It was mentioned in https://github.com/tursodatabase/turso/pull/3720
that adding Miri support for `turso_stress` would be useful. And, that a
bash script to start Miri with the right config would be a big help.
Notable changes:
- `antithesis_sdk`'s default features are disabled at the workspace
level, and only enabled as needed with the `antithesis` feature flag in
the various turso crates. Miri needs the noop version of
`antithesis_sdk` to run `turso_stress`, and feature unification
previously prevented this. I'm not able to ensure locally that all the
Antithesis stuff is still happy with these changes.
- Bash script to run `turso_stress` - this is barebones for now, see
below
- Bash script to run `simulator` - this passes any args to the `cargo
run` invocation inside, intercepting `--seed` if it's present, and
generating one from `/dev/random` if it's not. The seed is passed to
both Miri and the simulator to keep the overall execution reproducible.

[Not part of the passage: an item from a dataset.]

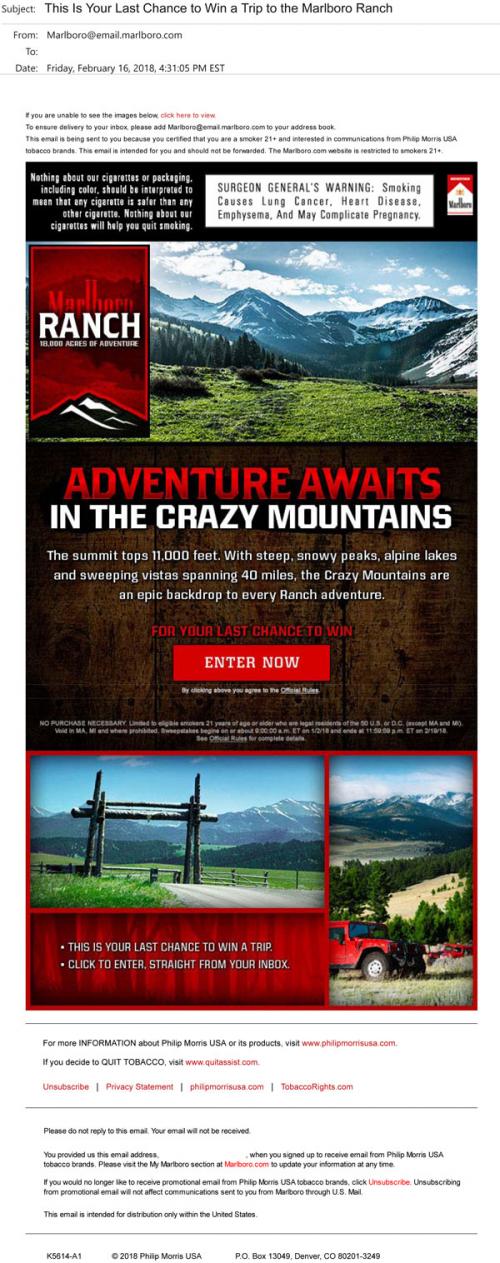 Email from Marlboro in February 2018 announcing the final chance to win a trip to the Marlboro Ranch; includes a link to enter directly from the email.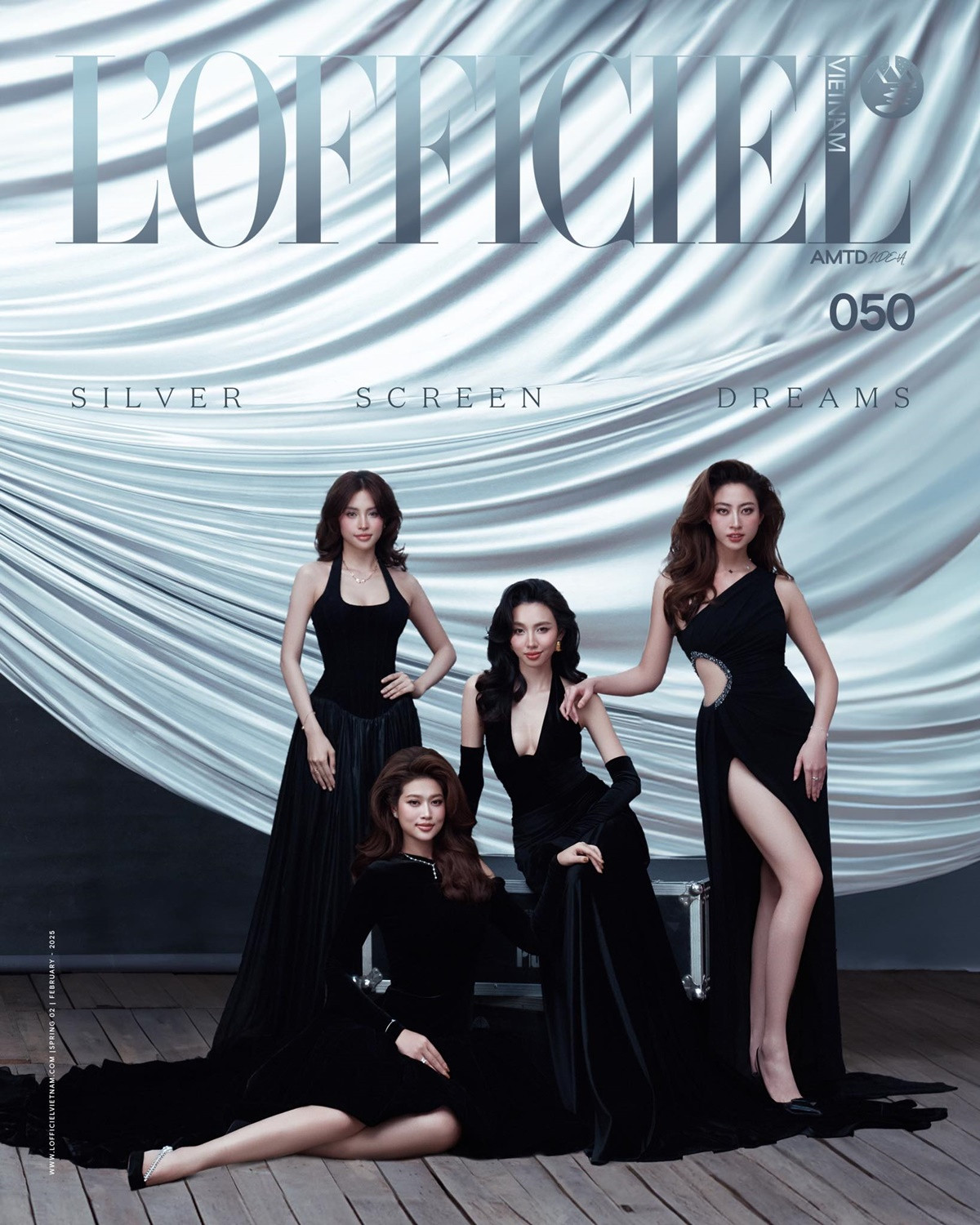 Bộ ảnh của tạp chí L’Officiel Việt Nam mang tên CINE, LOVE COVER I SILVER SCREEN DREAM, được chụp theo đúng chất điện ảnh: “Mỗi gương mặt, mỗi ánh mắt đều mang trong mình một khát khao riêng, nhưng tựu trung là tinh thần dấn thân và chinh phục. Họ không chỉ là những người đẹp trên sàn diễn mà còn là những diễn viên sẵn sàng bước vào ánh đèn máy quay, sống trọn vẹn trong từng vai diễn.”

(I checked this with a simple case)
- A `const fn`, `normal_or_miri` to supply different defaults in things
like CLI args for normal operation and Miri, since it's so slow. (An
idea I stole from tokio.) Right now the relevant values are 100x smaller
for Miri, although Miri is probably 1000 to 10,000x slower overall from
a rough estimation.
Caught UB from running `turso_stress` with Miri:
- An unsafe cast of a `*u8` to `*u32` inside the BTree implementation
resulted in the `*u32` making an unaligned read: `read()` ->
`read_unaligned()` fixes this
Future work - Making `turso_stress` reproducible under Miri:
- Right now `turso_stress` is plugged in to Antithesis, which is great!

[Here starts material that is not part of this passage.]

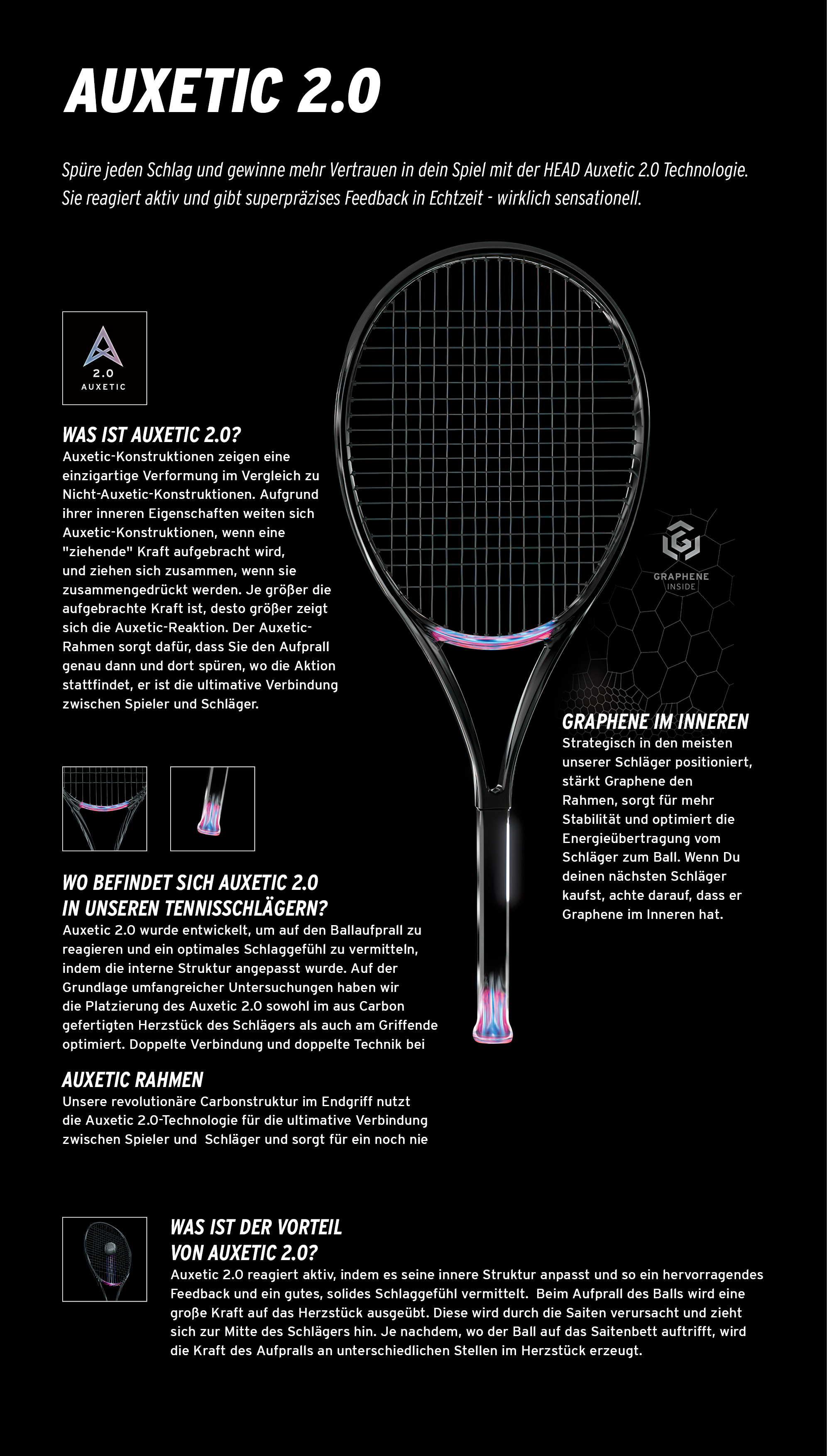 Die Tennisprodukte von HEAD sprechen jeden Spielertyp an, vom Turnierspieler bis zum Freizeitspieler. Auch viele Tennisprofis vertrauen auf die Marke HEAD und sind auf der ATP Tour mit der innovativen Tennisausrüstung von HEAD zu sehen, unter anderem Novak Djokovic, Alexander Zverev, Jannik Sinner, Diego Schwartzman, Andrey Rublev, Jan-Lennard Struff, Lorenzo Musetti und Marin Cilic. Spitzenspielerinnen wie Coco Gauff, Bianca Andreescu oder Sloane Stephens präsentieren sich auf der WTA Tour ebenfalls mit einem Racket und der stylishen Tennisbekleidung von HEAD.

But, `antithesis_sdk`'s noop mode (`default-features = false`) turns
`antithesis_sdk::random::get_random()` into `rand::random<u64>()`, which
isn't seedable/reproducible. It's more work than I wanted to take on in
this PR, but I'd like to instead conditionally replace `get_random` with
a seedable `ChaCha8Rng` like in the simulator, if Miri is being used.
Comment:
- On a machine without all necessary dependencies, running the bash
scripts fails in a way that cargo prompts you through installing the
nightly toolchain, Miri, etc. until it works
- Below is a snippet of the output from Miri on the Btree alignment
issue. Because turso_stress isn't yet deterministic/reproducible under
Miri, I can't always reproduce it. (It doesn't always happen like the
ones in my last MR)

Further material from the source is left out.